PR CIREBON - Pemerintah federal Amerika Serikat (AS) telah menyita kiriman produk-produk yang terbuat dari rambut manusia yang diyakini diambil dari kaum Muslim Uighur di kamp-kamp kerja paksa di Provinsi Xinjiang, Tiongkok Barat. 

Pejabat Pabean dan Perlindungan Perbatasan mengatakan bahwa 13 ton (11,8 metrik ton) tenun dan produk rambut lainnya senilai sekitar $800.000 setara Rp11,5 miliar dalam kurs Rp15.000 ada dalam pengiriman.

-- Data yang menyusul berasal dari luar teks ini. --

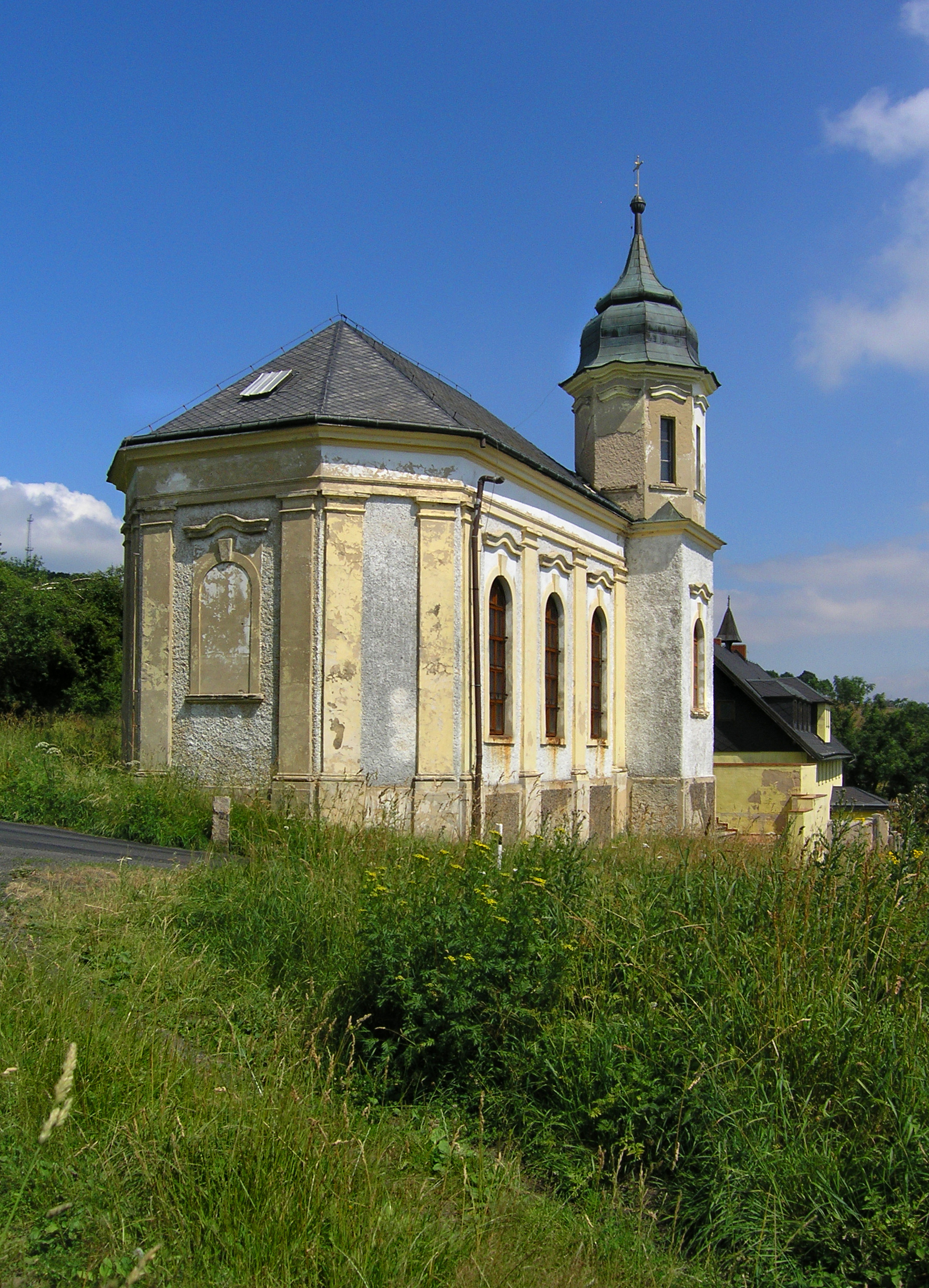 Church in Dlouhá Louka, part of Osek town, Czech Republic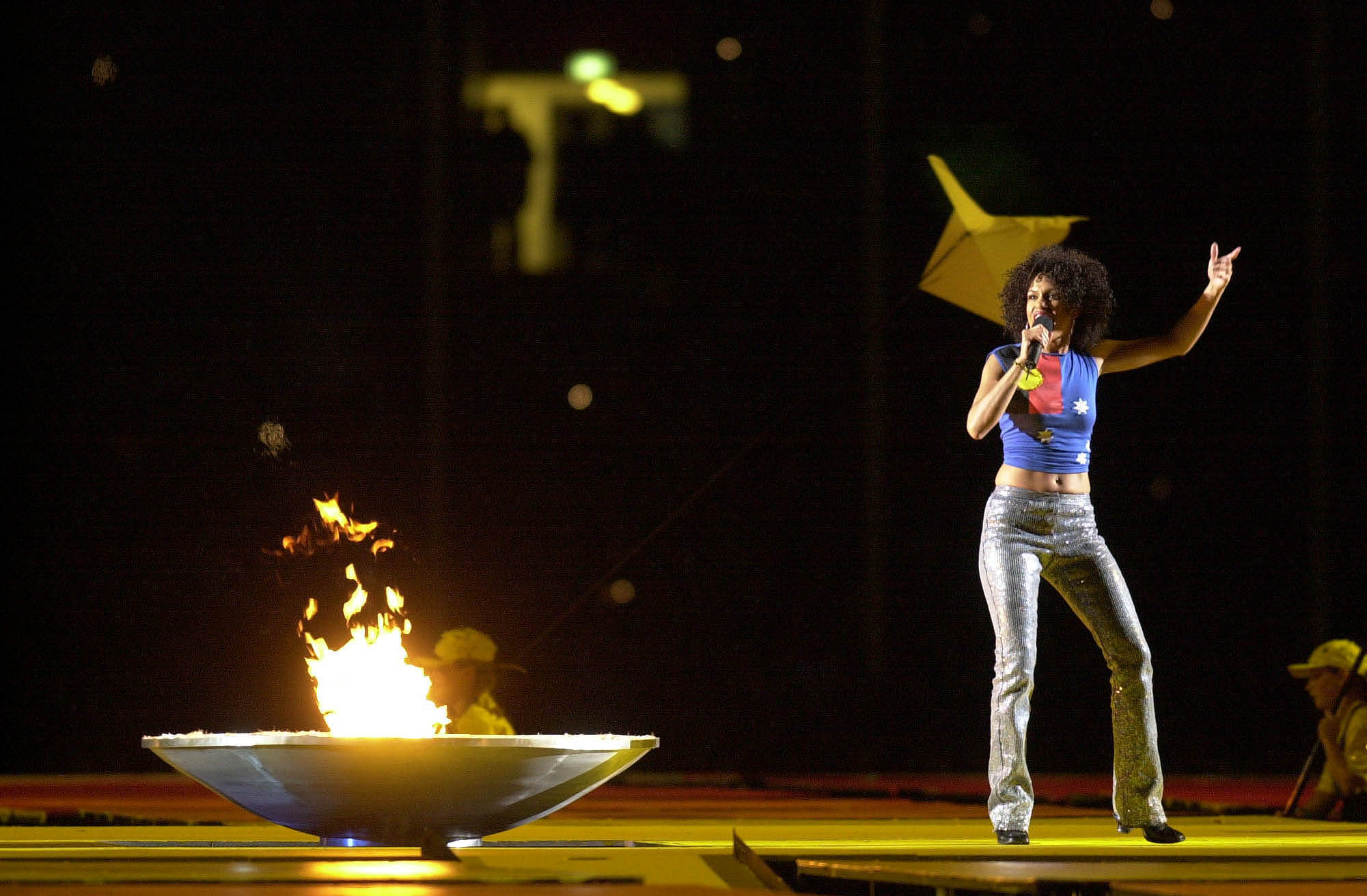 Australian aboriginal singer Christine Anu performs at the 2000 Sydney Paralympic Games Opening Ceremony

"Produksi barang-barang ini merupakan pelanggaran hak asasi manusia yang sangat serius, dan perintah penahanan dimaksudkan untuk mengirim pesan yang jelas dan langsung ke semua entitas yang ingin melakukan bisnis dengan Amerika Serikat bahwa praktik-praktik ilegal dan tidak manusiawi tidak akan ditoleransi dalam pasokan AS," kata Brenda Smith, asisten eksekutif komisaris kantor perdagangan CBP, dikutip PikiranRakyat-Cirebon.com dari The Guardian.

Ini adalah kedua kalinya tahun ini bahwa CBP telah menampar perintah penahanan yang jarang pada pengiriman produk rambut dari Tiongkok, berdasarkan kecurigaan bahwa orang-orang membuat mereka menghadapi pelanggaran hak asasi manusia.

 

Rushan Abbas, seorang aktivis Amerika Uighur yang saudara perempuannya hilang di Tiongkok hampir dua tahun lalu dan diyakini dikurung di kamp penahanan, mengatakan wanita yang menggunakan rambut tenun harus berpikir tentang siapa yang mungkin membuat mereka.

"Ini sangat memilukan bagi kita. Saya ingin orang berpikir tentang perbudakan yang dialami orang-orang saat ini. Adikku sedang duduk di suatu tempat dipaksa untuk membuat apa, potongan rambut?" katanya.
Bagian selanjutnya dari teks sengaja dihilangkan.